The solubility and bioactivity of inclusion complexes of paclitaxel using 11 different cyclodextrins, (α-CyD, β-CyD, γ-CyD, mono-6-O-maltosyl α-CyD (G2-α-CyD), mono-6-O-maltosyl β-CyD (G2- β-CyD), mono-6-O-maltosyl γ-CyD (G2-γ-CyD), heptakis-(2,6-di-O-methyl) α-CyD (DM-α-CyD), heptakis-(2,6-di-O-methyl) β-CyD (DM-β-CyD), heptakis-(2,3,6-tri-O-methyl) β-CyD (TM- β- CyD), hydroxyethyl β-CyD (HE-β-CyD), hydroxypro- pyl β-CyD (HP-β-CyD)), was studied by Hamada and coworkers ³⁶. From this cluster of cyclodextrins, 2,6-di- methyl β-CyD was shown to be the most efficient, with the solubility of paclitaxel at 2.3 mmol/dm3 in a cyclodex- trin solution of 0.1 mmol/dm³. This inclusion advanced of paclitaxel has one. ²³ times higher chemical change activity than paclitaxel in tubulin.

Today, the formulation on the basis of the inclusion complexes of cyclodextrin and paclitaxel is used ³⁵, most commonly with a paclitaxel to cyclodextrin ratio of 1:10 to 1:150. Different types of cyclodextrins, such as hydroxypropyl – sulphobutyl – 7 – β - CyD, sulphobutylether- 7-β-CyD, acetyl-γ- CyD, hydroxypropyl-β-CyD, hydroxypropyl-γ-CyD, bis(β-CyD), γ-CyD, succinyl- methyl-β-CyD, anionic-β-CyD, as well as their mixtures, can be used for making these formulations. The stability constant of these inclusion complexes lie in the range K = 5.396 – 1.412 dm3/mol. Preparing the formulations is finished within the following manner: (a) resolution| the answer} of cyclodextrin is additional dropwise to the fermentation alcohol solution of paclitaxel. (b) After the paclitaxel dissolves, the obtained mixture is filtered through a microporous membrane (0.2–0.4 μm) (c) then, ethanol is removed at low pressure, giving a liquid inclusion that contains less than 2% ethanol. The residual water is also removed in the same way. Paclitaxel (20 mg/cm3) remains more active in cyclodextrin solutions (10%–20%) than in buffer solutions of comparable pH ³⁷: There was less than 1% decomposition of paclitaxel in the cyclodextrin solutions stored for one month at 37°C.

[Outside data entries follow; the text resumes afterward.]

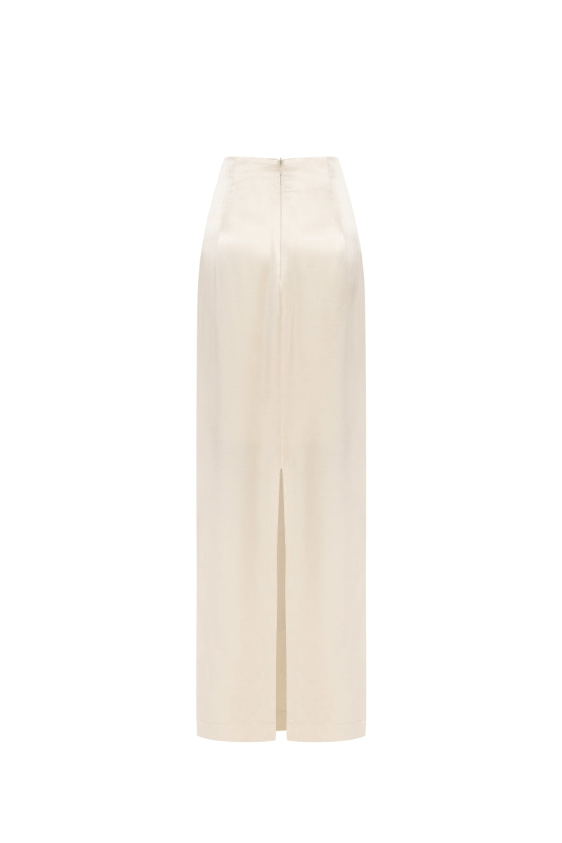تنورة ماكسي أنيقة مصنوعة يدوياً في أوكرانيا، تتميز بطولها الأنيق الذي يصل إلى الكاحل وإغلاقها بسحاب خلفي، مما يجعلها مثالية لسوق المنتجات الفاخرة. كما تحتوي على فتحة تهوية في منتصف الظهر لمزيد من العملية.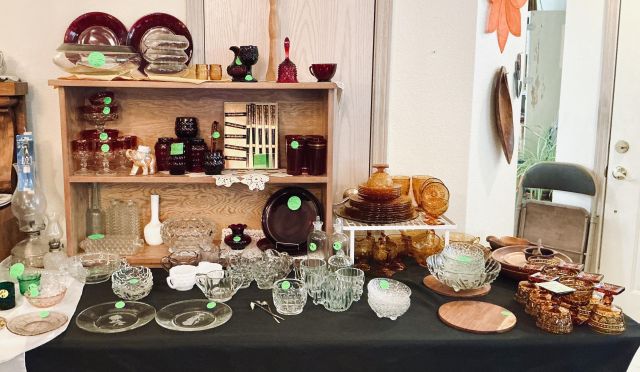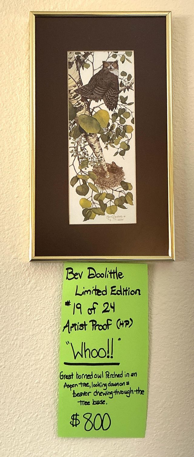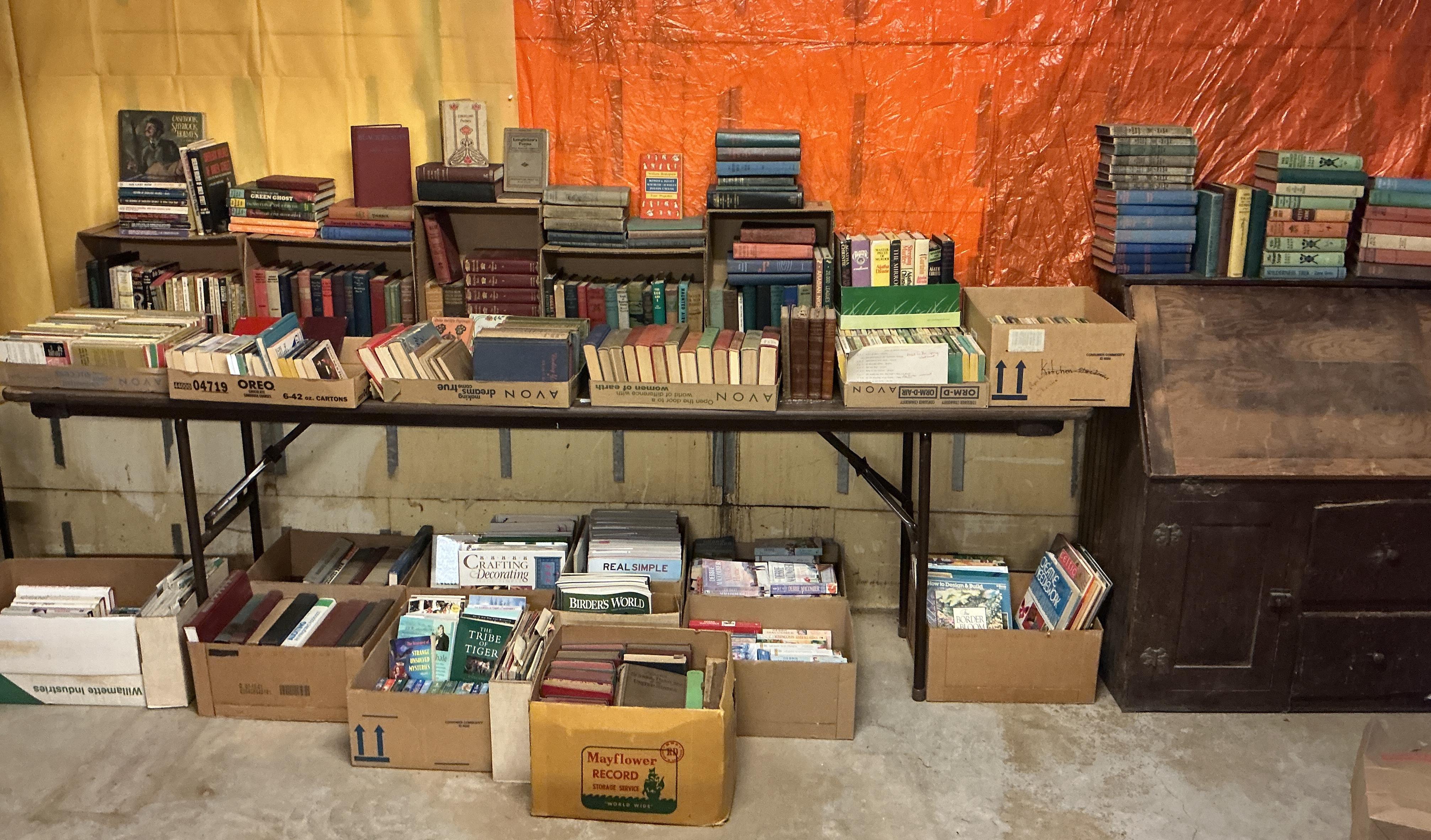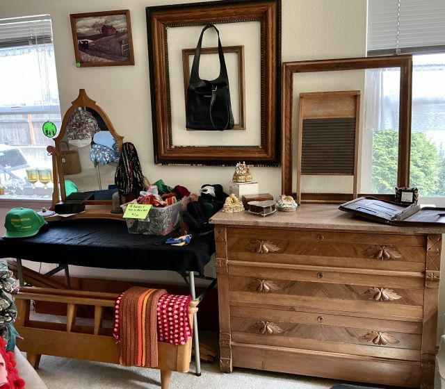 Alder house, Bev Doolittle, Tupperware, Avon, pre- WW2 & Civil War memorabilia, Cast Iron, Sewing Machines, Cameras, Jewelry, Fostoria, Milk Glass, Furs, Antique & Mid-Century furniture, Picture Frames, Vintage Clothing 50’s-90’s, Gardening Galore, Vintage books, Collectible books, children’s books, wood, tools, camping, piano, vintage children’s toys, vintage bikes, ladders, and much more!
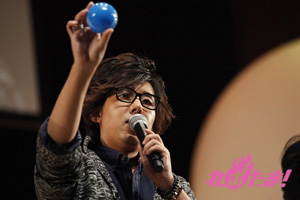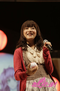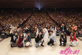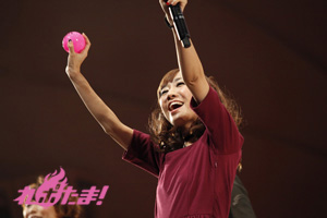 まずはキャスト全員が本イベントへかける意気込みをそれぞれの玉に込めてきたと、漢字一字を記したボールを取り出す。「喜」「愛」「楽」などイベントへの思いが書かれたそのボールは、キャストそれぞれが、客席へと投げ込んだりバズーカ砲を使ってファンへと届け、受け取ったファンにサプライズプレゼントとなった。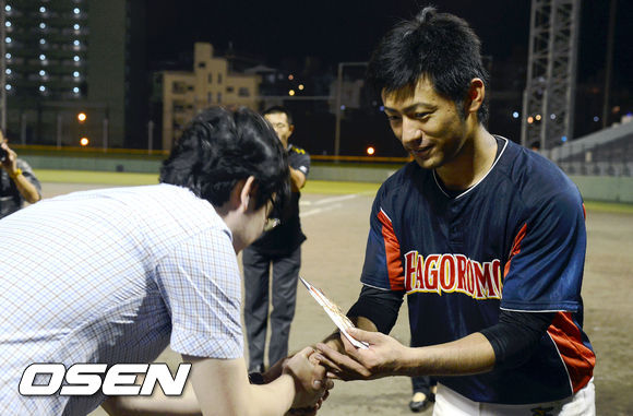 경기종료, 우승팀 오키나와현 연합팀 주장이 주최사인 니베아 맨의 김병일 과장으로 부터 상금을 전달 받고 있다./ouxou@osen.co.kr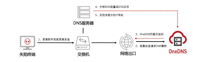 上图展示了利用OneDNS实现安全闭环的完整过程: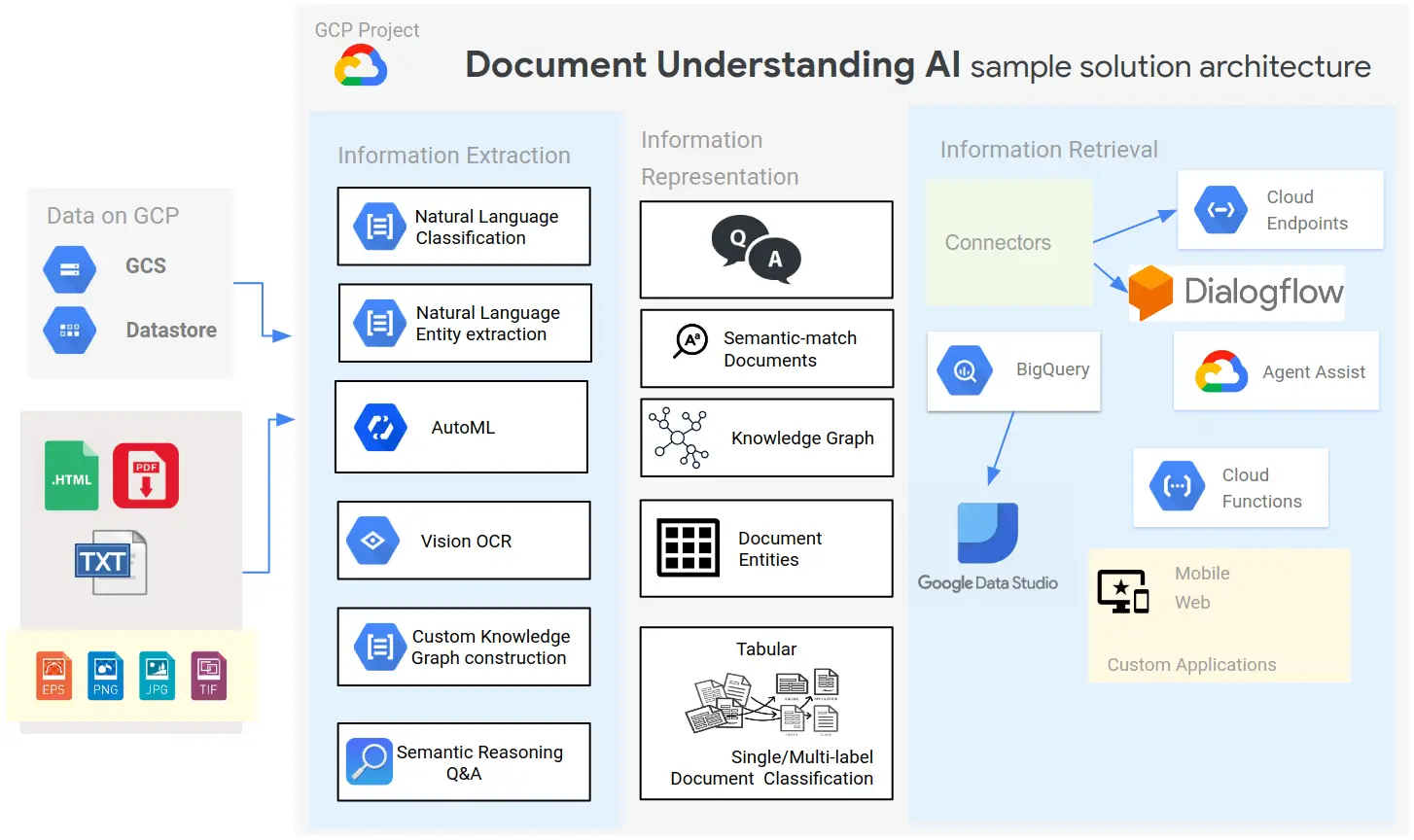 Administración de los documentos: Es la pieza clave y básica que conocemos del Document Understanding AI. Se incluye la digitalización, el rescate y clasificación de múltiples tipos de documentos en formatos que van desde los doc hasta html. No solo son documentos lo que administra sino que también lo hace con los gráficos.
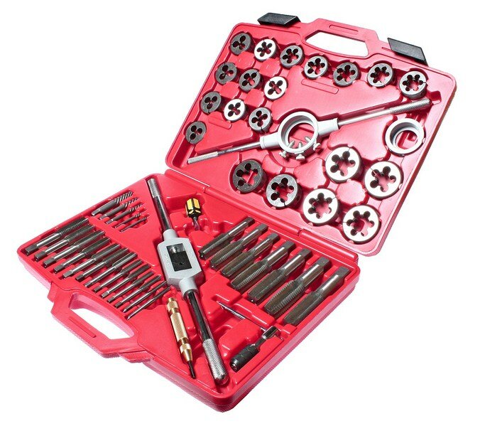 | Подробная комплектация | - 20 метчиков: M6x0.75, M6x1.0, M8x1.0, M8x1.25, M10x1.25, M10x1.5, M12x1.25, M12x1.5, M14x1.5, M14x2.0, M16x1.5, M16x2.0, M18x1.5, M18x2.5, M20x1.5, M20x2.5, M22x1.5, M22x2.5, M24x1.5, M24x3.0; - 14 плашек ⌀1-1/2": M6x0.75, M6x1.0, M8x1.0, M8x1.25, M10x1.25, M10x1.5, M12x1.25, M12x1.5, M14x1.5, M14x2.0, M16x1.5, M16x3.0, M18x1.5, M18x2.5; - 6 плашек ⌀2": M20x1.5, M20x2.5, M22x1.5, M22x2.5, M24x1.5, M24x3.0; - 5 экстракторов (№№ 1-5); - кернер; - ключ для метчиков Т-образный; - метчикодержатель; - плашкодеражатель; - адаптер; - отвертка; - кейс. |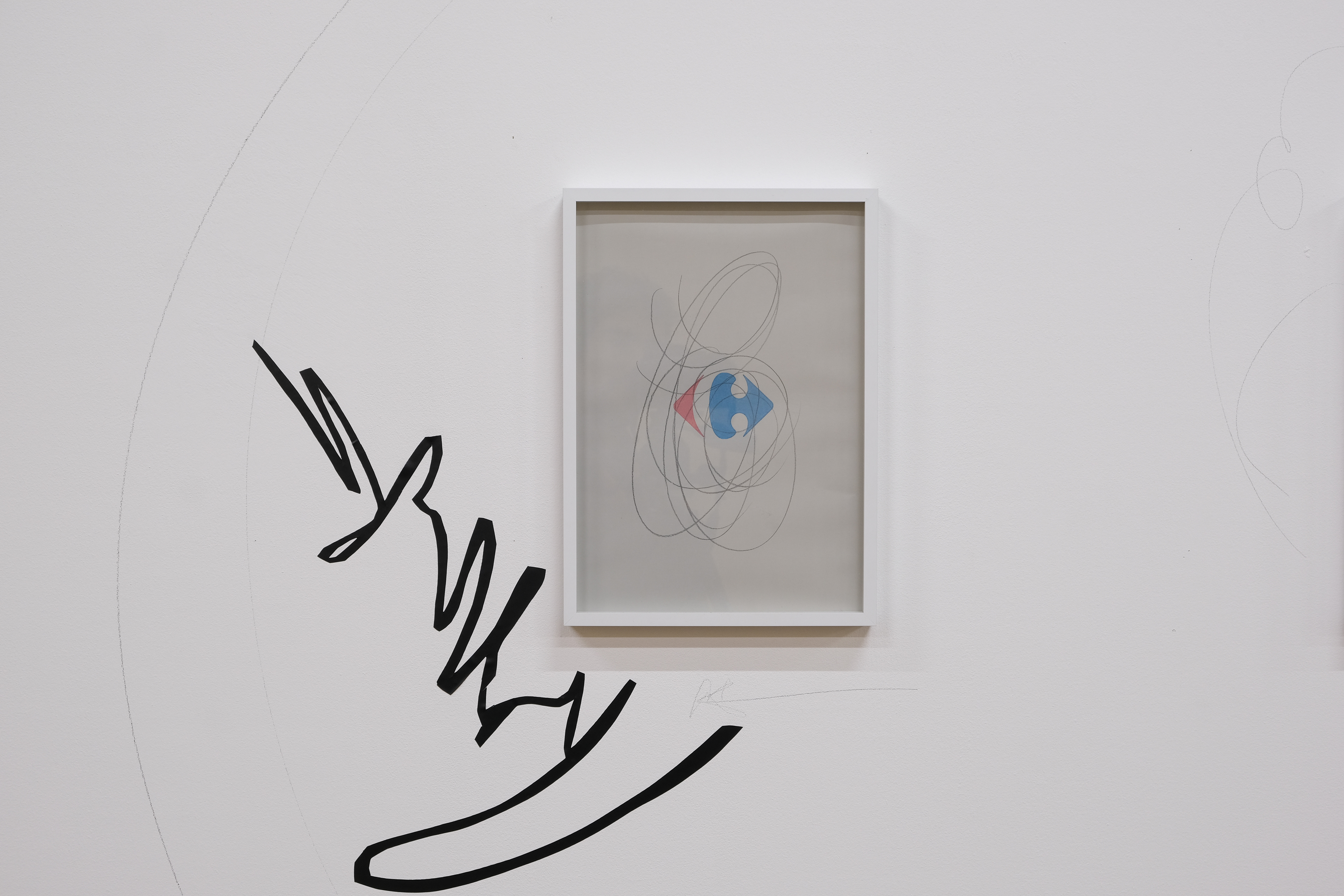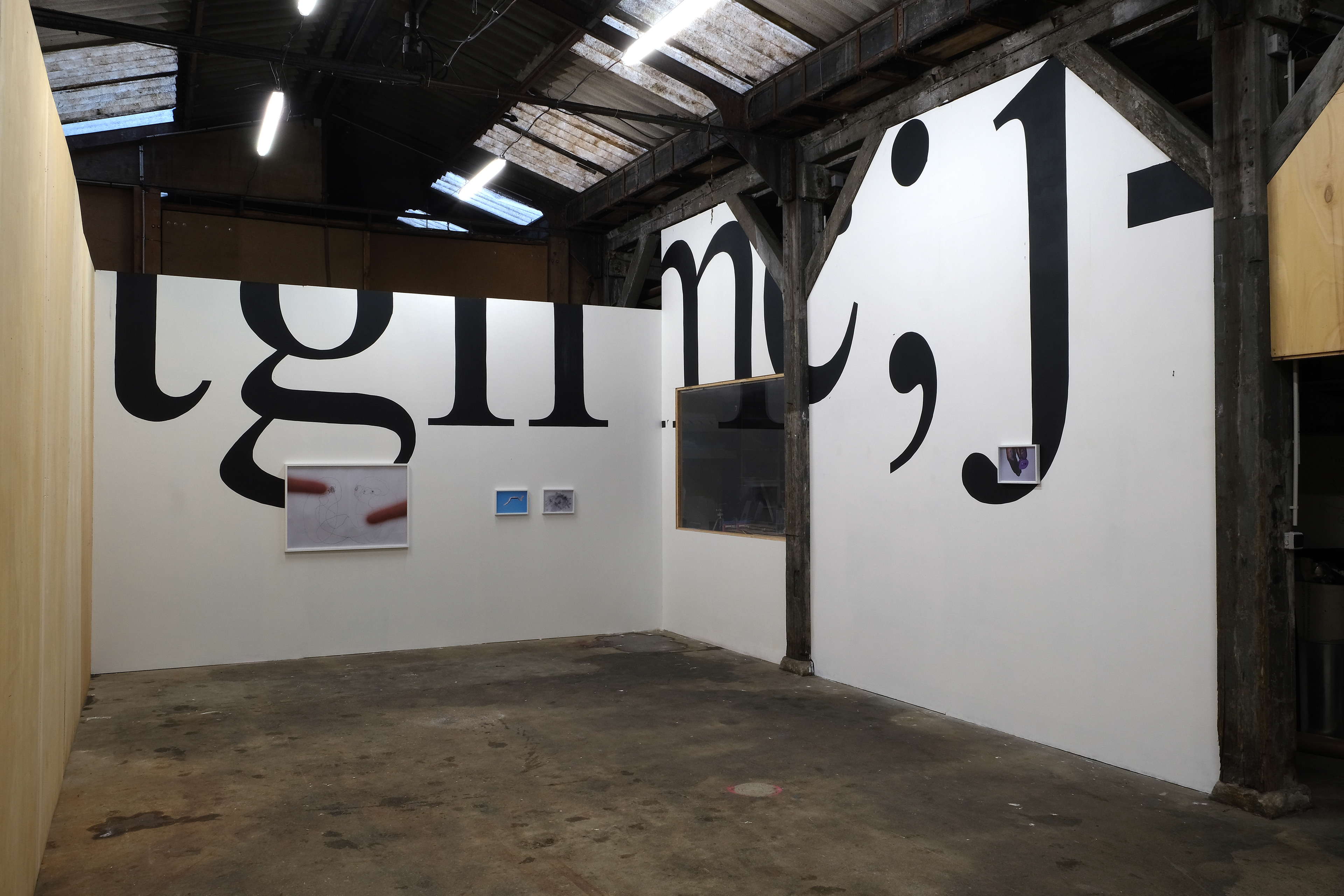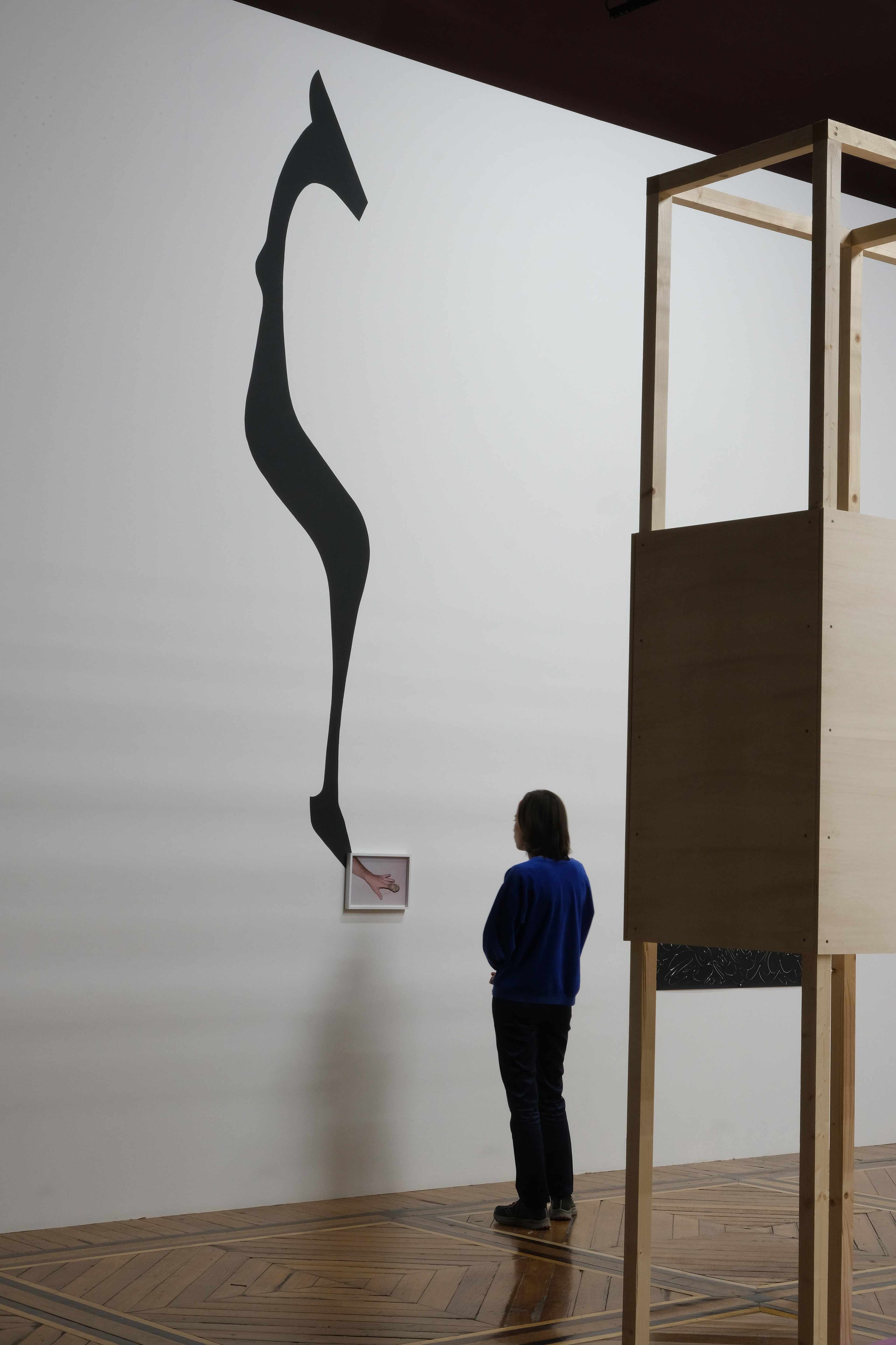 Depuis mes yeux, j’ai la pince désarticulée, H, comme la lettre 0 le bout des doigts violet - tgnçùmc;j-, 2021, peinture acrylique et photographies encadrées, 400 x 550 x 800 cm

The incorporation of paclitaxel into hydrotropic poly- meric micelles, with a shell of poly (ethylene glycol) (PEG), and a core of poly(2-(4-vinylbenzyloxy)-N, N-di- ethylnicotinamide) (P(VBODENA), has been described ³⁸. This procedure improved the solubility and stability of paclitaxel. To study the stability, a control was used in which paclitaxel was incorporated in polymeric micelles of poly(ethylene glycol)-b-P(D,L-lactide) (PEG-b-PLA). The maximal amount of paclitaxel incorporated in the micelles of PEG-b-P(VBODENA) was higher than 37.4 mass%, compared with the 27.6 mass% in the micelles of PEG-b-PLA. Above 30 mass% of paclitaxel was located inside polymeric micelles in a molecularly dispersed amorphous state, as confirmed by thermal analysis. Hydrotropic polymer micelles can remain stable for a few weeks, while micelles of PEG-b-PLA precipitate after a few days. Hydrotropic polymer micelles are also more efficient than PEG-PLA micelle formulations in inhibiting the proliferation of human cancer cells. Paclitaxel in the form of hydrotropic polymer micelles has been administered to rats orally (3.8 mg/kg), intravenously (2.5 mg/ kg), or through the portal vein (2.5 mg/kg). The results of research showed that the polymer micelles with ahydrotropic structure were the better carriers, because of their high solubility and long-term stability.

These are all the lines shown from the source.